(Your assignment) Write the entries below out again exactly; any picture in them stays out.

(Material shown)

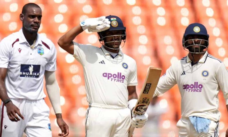 भारत के स्टार ऑलराउंडर रविंद्र जडेजा ने वेस्टइंडीज के खिलाफ पहले टेस्ट मैच में शतक जड़ा है। नरेंद्र मोदी स्टेडियम में खेले जा रहे मुकाबले के दूसरे दिन केएल राहुल और जुरेल ने भी शतक लगाया।
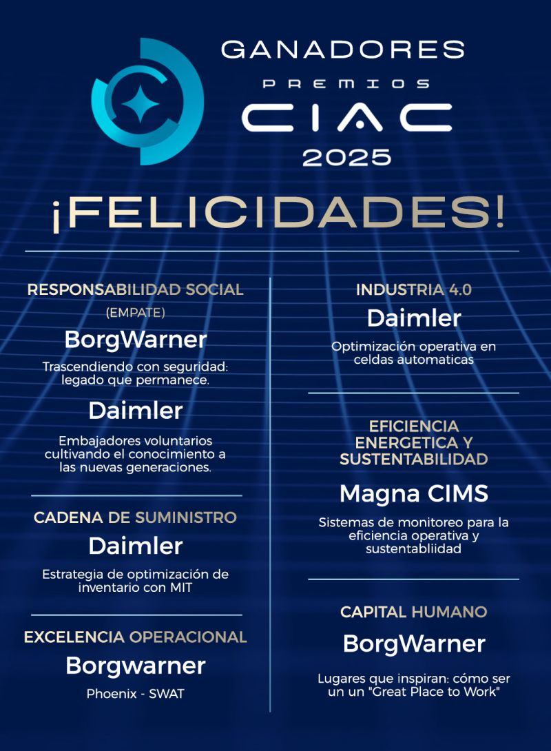 En el marco de la asamblea, se llevó a cabo la entrega de los Premios CIAC 2025, que reconocen iniciativas destacadas en distintas categorías. En Responsabilidad Social, el reconocimiento fue compartido (empate) entre BorgWarner, por su proyecto enfocado en seguridad y legado comunitario, y Daimler, por su programa de voluntariado orientado a la formación de nuevas generaciones. En la categoría de Industria 4.0, Daimler fue distinguida por su estrategia de optimización operativa en celdas automáticas.
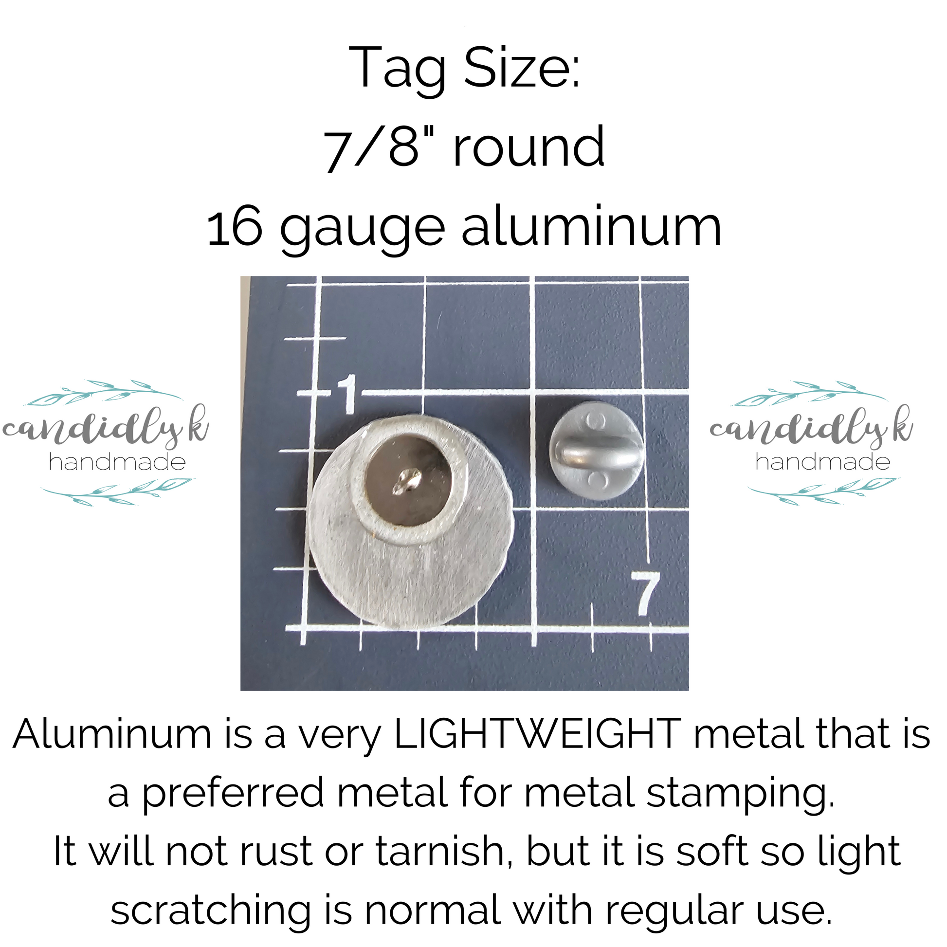 The aluminum disc is 16 gauge aluminum and measures 7/8" diameter. The aluminum plate has 1 pinback attached to the back. The pinback is attached with a long lasting epoxy.
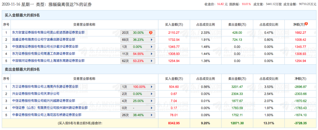11月16日,朗姿股份收报16.82元,涨10.01%,偏离值9.30%,成交额9.07亿元,换手率20.82%。
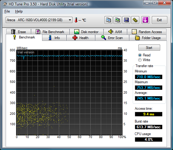 Noteworthy is the performance degradation with increasing fill rates on the single disk, but none of that on the raid30. The same performance degradation happens with a 2 disk raid0. Notice that a 12 disk raid30 is for most of us overkill, but a 4 disk raid3, possibly with a hot spare added, is definitely a serious performance improvement. Not many raid controllers support raid3 however, so the alternative may be to use raid5 or even raid6, although for video editing raid3 is probably the best. Maybe you need some drive cages to fit those disks in your system, but that is IMO better than externally. No cables, no extra power supply, no external housing. Maybe also have a look at these guides, there is valuable information in there that may be of interest to you. http://forums.adobe.com/thread/436215 |
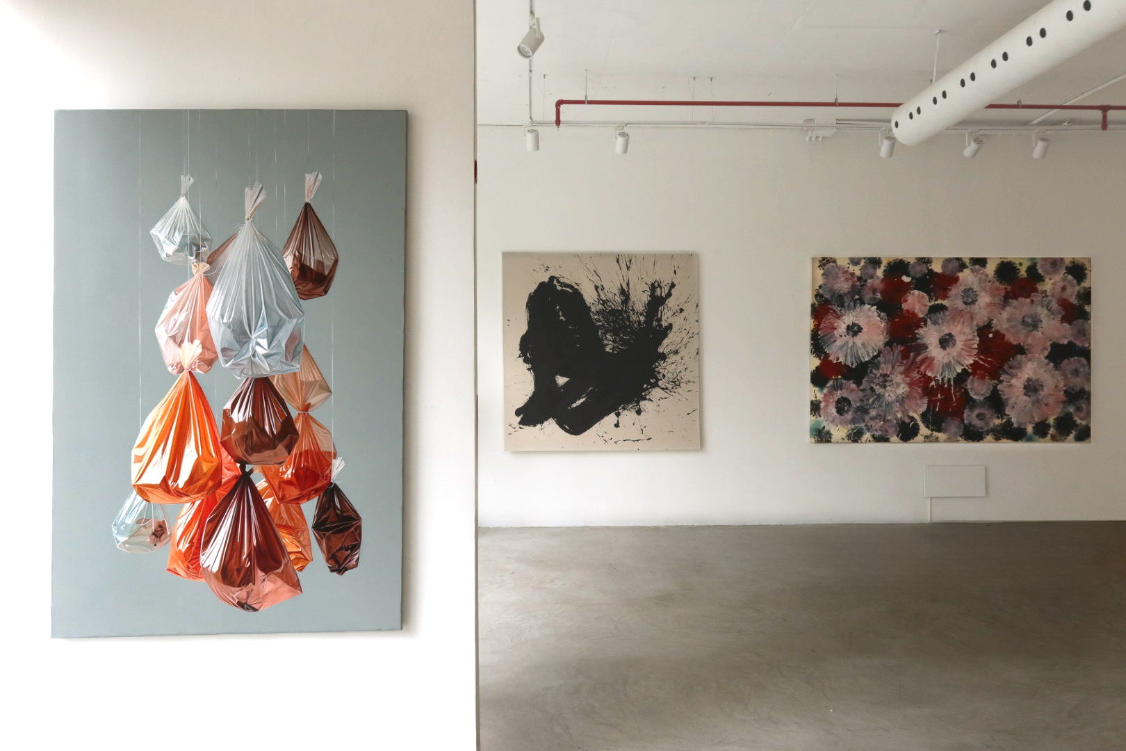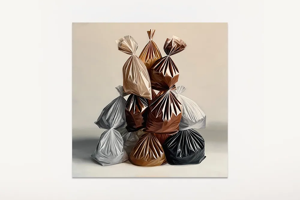“Pesos Livianos” propone un diálogo entre lo efímero y lo perdurable, lo que no retorna y lo trascendental. A través de composiciones hechas con bolsas plásticas suspendidas, esta exposición transforma un objeto cotidiano y banal en un elemento cargado de simbolismo, reinterpretado a través de un acto cotidiano y profundamente arraigado en la creencia popular. Esta práctica, llena de simbolismo, se convierte en el punto de partida para un diálogo entre lo doméstico, lo cultural y lo ambiental. Villabon permanece en su exploración poética y crítica de las imágenes que moldean nuestra identidad y memoria colectiva; despliega fragmentos de infancia, cultura, historia del arte e imágenes familiares.

(Exercise solution)
 भारत के स्टार ऑलराउंडर रविंद्र जडेजा ने वेस्टइंडीज के खिलाफ पहले टेस्ट मैच में शतक जड़ा है। नरेंद्र मोदी स्टेडियम में खेले जा रहे मुकाबले के दूसरे दिन केएल राहुल और जुरेल ने भी शतक लगाया।
 En el marco de la asamblea, se llevó a cabo la entrega de los Premios CIAC 2025, que reconocen iniciativas destacadas en distintas categorías. En Responsabilidad Social, el reconocimiento fue compartido (empate) entre BorgWarner, por su proyecto enfocado en seguridad y legado comunitario, y Daimler, por su programa de voluntariado orientado a la formación de nuevas generaciones. En la categoría de Industria 4.0, Daimler fue distinguida por su estrategia de optimización operativa en celdas automáticas.
 The aluminum disc is 16 gauge aluminum and measures 7/8" diameter. The aluminum plate has 1 pinback attached to the back. The pinback is attached with a long lasting epoxy.
11月16日,朗姿股份收报16.82元,涨10.01%,偏离值9.30%,成交额9.07亿元,换手率20.82%。
 Noteworthy is the performance degradation with increasing fill rates on the single disk, but none of that on the raid30. The same performance degradation happens with a 2 disk raid0. Notice that a 12 disk raid30 is for most of us overkill, but a 4 disk raid3, possibly with a hot spare added, is definitely a serious performance improvement. Not many raid controllers support raid3 however, so the alternative may be to use raid5 or even raid6, although for video editing raid3 is probably the best. Maybe you need some drive cages to fit those disks in your system, but that is IMO better than externally. No cables, no extra power supply, no external housing. Maybe also have a look at these guides, there is valuable information in there that may be of interest to you. http://forums.adobe.com/thread/436215 |
“Pesos Livianos” propone un diálogo entre lo efímero y lo perdurable, lo que no retorna y lo trascendental. A través de composiciones hechas con bolsas plásticas suspendidas, esta exposición transforma un objeto cotidiano y banal en un elemento cargado de simbolismo, reinterpretado a través de un acto cotidiano y profundamente arraigado en la creencia popular. Esta práctica, llena de simbolismo, se convierte en el punto de partida para un diálogo entre lo doméstico, lo cultural y lo ambiental. Villabon permanece en su exploración poética y crítica de las imágenes que moldean nuestra identidad y memoria colectiva; despliega fragmentos de infancia, cultura, historia del arte e imágenes familiares.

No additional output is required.